Spermiogenesis in Mesostoma viaregginum begins with the formation of a zone of differentiation containing striated rootlets, two centrioles, and an intercentriolar body in-between. These centrioles generate two parallel free-flagella with the 9+“1” pattern of the Trepaxonemata growing out in opposite directions. Spermatid differentiation is characterised by a 90° latero-ventral rotation of flagella and a subsequent disto-proximal centriolar rotation, with a distal cytoplasmic projection. The former rotation involves the compression of a row of cortical microtubules and allows recognising a flagellar side and an aflagellar side in the late spermatid and in the mature spermatozoon. At the end of the differentiation, centrioles and microtubules lie parallel to the spermatid axis. The disto-proximal centriolar rotation is proposed as a synapomorphy for the Rhabdocoela. The modifications of the intercentriolar body during spermiogenesis and the migration of the nucleus and the centrioles towards the cytoplasmic distal projection are also described. The mature spermatozoon of M. viaregginum is filiform and tapered at both ends and presents many features found in the Rhabdocoela gametes. The nucleus disappears before the flagellar insertion and a density gradient of mitochondria is observed along the sperm axis. The anterior end of the spermatozoon of M. viaregginum is characterised by a tapering capped by a membrane expansion. This study has enabled us to describe precisely the orientation of spermatozoa in the Rhabdocoela in general: the centriolar extremity is proposed as the anterior one for the Rhabdocoela.     

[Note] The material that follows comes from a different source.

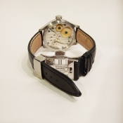 簡述: Steinhart 德國品牌/ Marine Regulateru Black 腕錶/ 型號:105-0640 / 採瑞士 Unitas 6498-1 手上鏈機芯/ 機芯為:17石ˋ動力儲存:42小時ˋ日納瓦波紋打磨/ 具時ˋ分ˋ秒指示(三針一線)/ 黑色面盤/ 標誌線時標/ 白色桃形指針/ 手錶尺寸: 42mm錶徑,厚:14.2mm,重:125 公克/ AR 塗層藍寶石水晶玻璃鏡面/ 透明錶底蓋/ 搭配 22mm 黑色牛皮錶帶/ 折疊式鋼質錶扣/ 防水: 30米.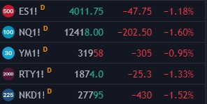 Tonight’s trade is a continuation of Friday’s selloff and here is a quick look at the equities overall:

Spermiogenesis and spermatozoon ultrastructure of the cranial digenean Troglotrema acutum (Leuckart, 1842)

Ultrastructure of spermiogenesis and the main characters of the mature spermatozoon of Troglotrema acutum are described by means of transmission electron microscopy. Specimens were obtained from the nasolacrimal sinuses of an American mink (Mustela vison). Spermiogenesis in T. acutum follows the general pattern of digeneans. The zone of differentiation is a conical-shaped area bordered by cortical microtubules and delimited at its base by a ring of arched membranes. This area contains 2 centrioles associated with striated rootlets and an intercentriolar body between them. The centrioles develop 2 free flagella that grow ortogonally to the median cytoplasmic process. The posterior flagellar rotation and proximodistal fusion of the free flagella with the median cytoplasmic process originate the spermatozoon. The mature spermatozoon of T. acutum is characterized by the presence of 2 axonemes of different lengths presenting the 9+'1' trepaxonematan pattern, 2 bundles of parallel cortical microtubules, 2 mitochondria, a nucleus, and granules of glycogen. These ultrastructural characters are compared with other digenean species previously studied and the importance of different spermatological features is discussed.